6. **Scaling:** Future multi-workspace support?
## Integration with Worklogs
**Relationship:**
- Spec-kit specs are **planning documents** (what and how)
- Worklogs are **execution records** (what happened and why)
**Workflow:**
1. Create spec for the feature (e.g., `002-slack-bridge-integration`)
2. Work on implementation
3. Write worklogs documenting sessions (e.g., `2025-10-23-slack-bridge-setup.org`)
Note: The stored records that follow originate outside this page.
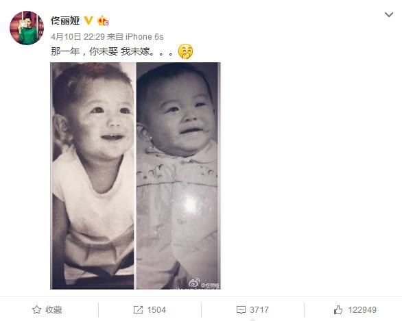 佟丽娅发了一条微博,写道:那一年,你未娶 我未嫁。。。并附了一张拼图。
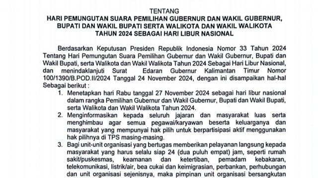 KUTIM – Bupati Kutai Timur (Kutim), H. Ardiansyah Sulaiman, telah menetapkan Rabu, 27 November 2024, […]
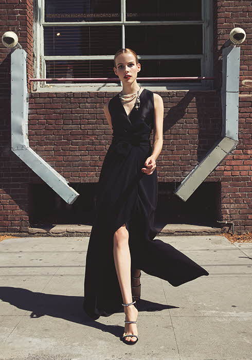 블랙 슬리브리스 롱 드레스 가격 미정 막스마라 엘레간테. 진주 체인 네크리스 1백만원대 에스카다. 주얼 장식 스트랩 슈즈 가격 미정 쥬세페 자노티.

4. Update spec with learnings (if design changes)
**Cross-references:**
- Specs should link to worklogs for implementation details
- Worklogs should reference specs for context
- Platform vision should reference both
## Conclusion
For the Slack bridge work (Milestone 1 of our platform vision), I recommend:
**✅ Use spec-kit:** Create `specs/002-slack-bridge-integration/`
- Complex enough to warrant structured planning
- Clear bounded feature
- Important architectural precedent
- Needs team coordination
**Next Command:** `/speckit.specify` to start the spec process
This will ensure we build it right, document decisions, and make it easy for future engineers to understand and extend.